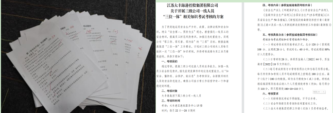 為進一步提高安全生產管理水平,更好地運用安全生產方針、政策、法律法規和安全知識,樹立“安全第一,預防為主”觀念。近日,鹽城港大豐港區組織石化板塊一線職工進行“三位一體一穩”知識考試。
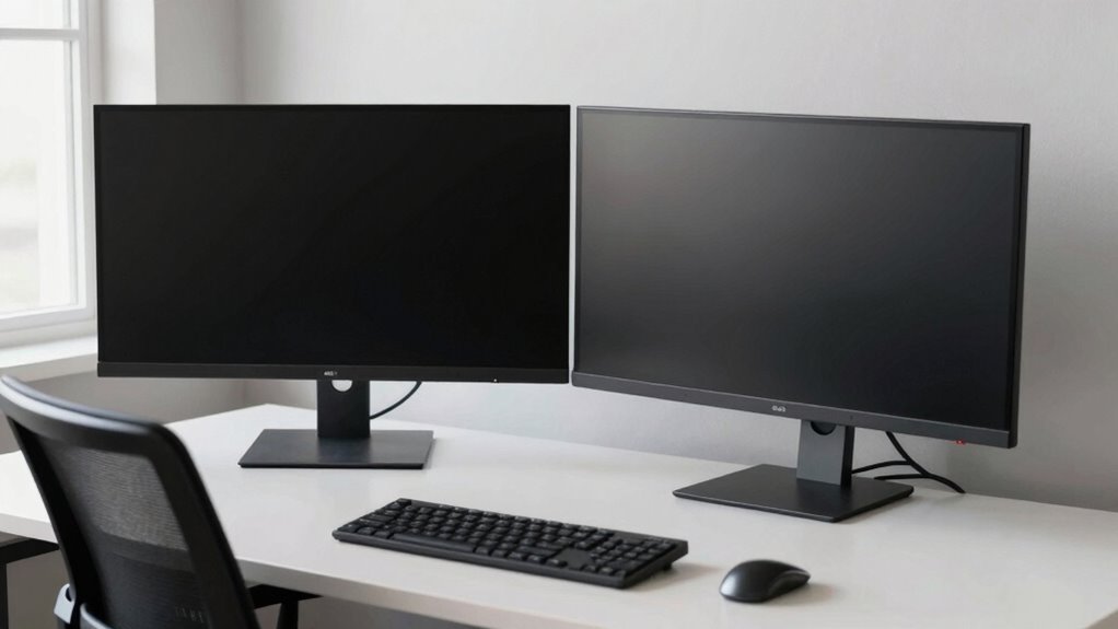 Yes, dual monitors can boost your productivity considerably. You’ll find it easier to multitask and switch between applications with less time wasted. Proper ergonomic keyboard and mouse placement, combined with the right monitor angles, reduces fatigue and discomfort, helping you work more efficiently. Instead of constantly toggling windows, you get a broader workspace, streamlining your tasks and maintaining focus longer.
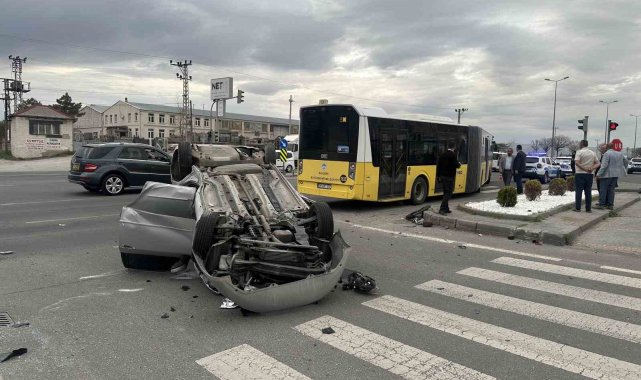 Belediye otobüsü ile otomobil çarpıştı: 9 yaralı
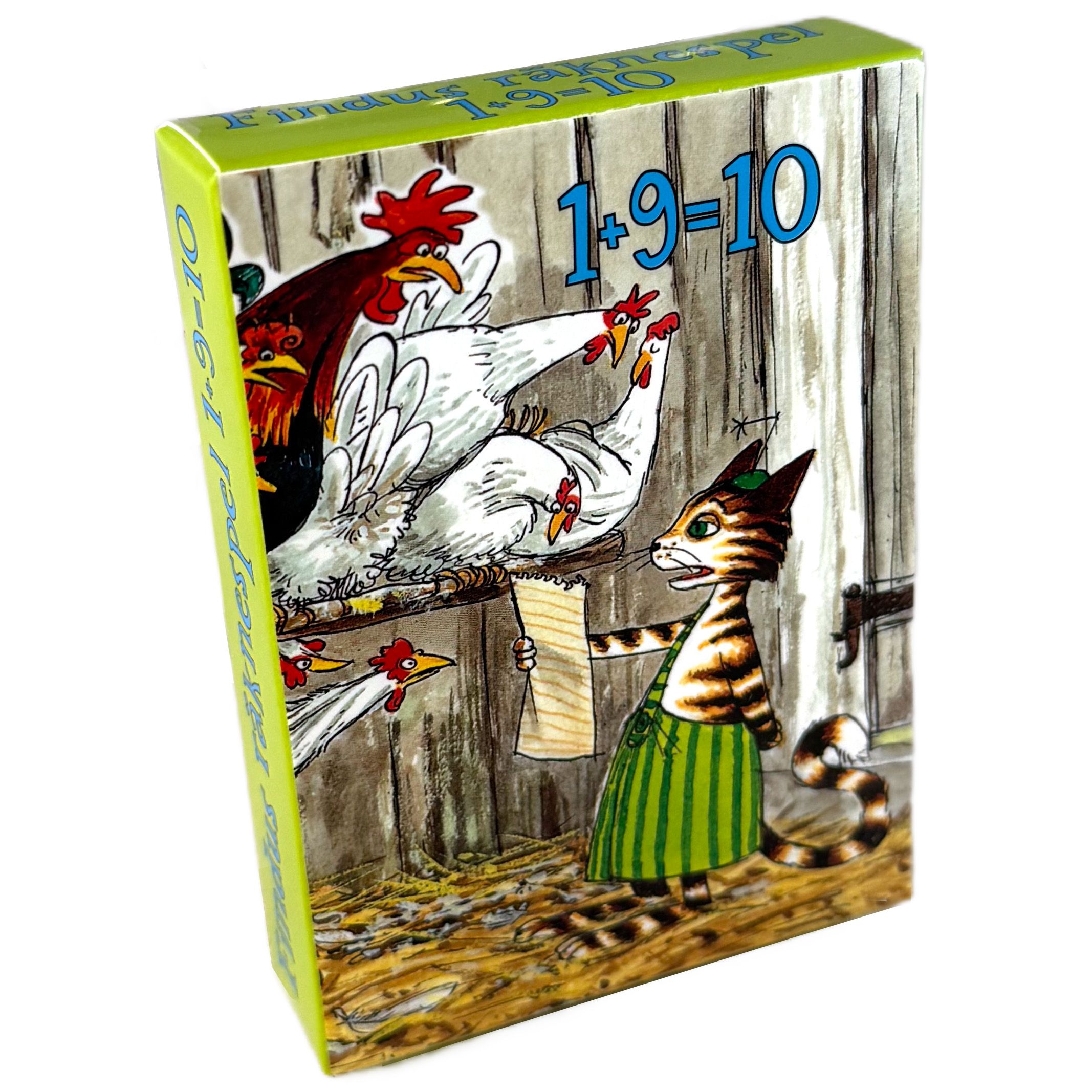 Findus 1+9=10 är ett pedagogiskt kortspel för 2–4 spelare, designat för att göra addition roligt och engagerande för barn. Spelet innehåller 47 spelkort med illustrationer av Sven Nordqvist från Pettson och Findus värld. Findus 1+9=10 är ett utmärkt verktyg för att introducera yngre barn till grundläggande matematiska koncept samtidigt som det erbjuder en rolig och interaktiv spelupplevelse. Findus 1+9=10 är ett pedagogiskt kortspel för 2–4 spelare, designat för att göra addition roligt och engagerande för barn. Spelet innehåller 47 spelkort med illustrationer av Sven Nordqvist från Pettson och Findus värld. Kort och ask med FSC papper.

================================

> [TASK GOAL]
For this exercise, write the listing out again exactly, excluding all images.

> [RESPONSE TO THE EXERCISE]
 為進一步提高安全生產管理水平,更好地運用安全生產方針、政策、法律法規和安全知識,樹立“安全第一,預防為主”觀念。近日,鹽城港大豐港區組織石化板塊一線職工進行“三位一體一穩”知識考試。
 Yes, dual monitors can boost your productivity considerably. You’ll find it easier to multitask and switch between applications with less time wasted. Proper ergonomic keyboard and mouse placement, combined with the right monitor angles, reduces fatigue and discomfort, helping you work more efficiently. Instead of constantly toggling windows, you get a broader workspace, streamlining your tasks and maintaining focus longer.
 Belediye otobüsü ile otomobil çarpıştı: 9 yaralı
 Findus 1+9=10 är ett pedagogiskt kortspel för 2–4 spelare, designat för att göra addition roligt och engagerande för barn. Spelet innehåller 47 spelkort med illustrationer av Sven Nordqvist från Pettson och Findus värld. Findus 1+9=10 är ett utmärkt verktyg för att introducera yngre barn till grundläggande matematiska koncept samtidigt som det erbjuder en rolig och interaktiv spelupplevelse. Findus 1+9=10 är ett pedagogiskt kortspel för 2–4 spelare, designat för att göra addition roligt och engagerande för barn. Spelet innehåller 47 spelkort med illustrationer av Sven Nordqvist från Pettson och Findus värld. Kort och ask med FSC papper.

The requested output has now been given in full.